Backlash Against Critical Race Theory Madness Reflected in Virginia Election

Backlash Against Critical Race Theory Madness Reflected in Virginia Election
Republican gubernatorial candidate Glenn Youngkin (R-Va.) speaks during an Early Vote rally in Stafford, Va., Oct. 19, 2021. Win McNamee/Getty Images
Eric Louw
Updated:
Commentary
The election of a Republican governor in Virginia points to a winning formula in the upcoming mid-terms, a key component of which is empowering parents to fight back against Critical Race Theory’s (CRT) indoctrination of their children.
Gov-elect Glenn Youngkin’s victory was unexpected because the Democrats had won the governorship of Virginia for the last 12 years and the Democrat candidate, Terry McAuliffe, was popular.

More importantly, it looked like a major demographic shift had forever changed Virginian politics in favour of the Democrats, given the growth of a huge suburban population of Washington D.C. bureaucrats in northern Virginia.

For many Republicans, it felt like Virginia’s political game had forever been rigged against them by the arrival of these D.C. immigrants.

But 2021 showed that even with this northern demographic challenge, Republicans can win Virginia if they can develop a powerful enough message.

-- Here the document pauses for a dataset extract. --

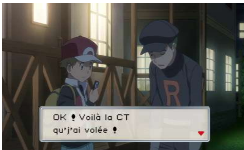
Figure 11. Illustration du sommaire 28

Ce sommaire ne représente pas seulement l'expérience ludique dans la forme qu'il adopte (via les cartouches textuels), mais aussi à travers les éléments mentionnés qui n'ont de sens que dans le jeu ou si l'on connaît le jeu. Red évoque l'obtention d'objets de l'inventaire : une « CT », une « canne à pêche », la « CS01 », la « bicyclette » et le « bon de commande ». En connaissant le jeu, on peut même déduire qu'il a obtenu un « fossile » suite à son combat avec « l'intello » et que la CT dont il parle est la CT28. Il parle aussi d'aspects relatifs aux combats : la victoire face à trois champions d'arène (Pierre, Ondine et Major Bob), le combat face à un « intello » et un « sbire rocket » (qui sont des classes génériques d'adversaire dans le jeu), son désavantage face au type eau, l'obtention de niveaux par son Pokémon. Nous imaginons que les spectateurs ou les lecteurs de cet article n'ayant jamais joué à Pokémon doivent être bien en peine de comprendre ce que sont les CT et les CS 29 ; l'impasse faite sur ces explications nous montre que cet anime est fait pour flatter les joueurs et que c'est à eux qu'il s'adresse. Dans la série principale en revanche, on ne parle jamais de CT ou de CS et il est même rare que l'on parle du gain d'expérience et de la montée en niveau des Pokémon, ces deux points y apparaissent comme des notions vagues alors que ce sont des éléments cruciaux du gameplay et bien connus des joueurs.

Youngkin built such messages by exploiting the hubris, arrogance, and incompetence that has characterized the Democrats since Biden moved into the White House.

Essentially, he pledged to: support parents in their fight against CRT, fund the police, and cut red tape and tax.

So appealing were these pledges that they switched hundreds of thousands of votes from Democrat to Republican, especially independent voters.

Youngkin was also helped by Biden showing up to campaign alongside McAuliffe. This served to remind voters of the struggles of Biden’s administration, plus how it has empowered the woke-left’s CRT and police defunding agendas.

Additionally, Biden’s appearance also reminded voters that Biden does not look in charge.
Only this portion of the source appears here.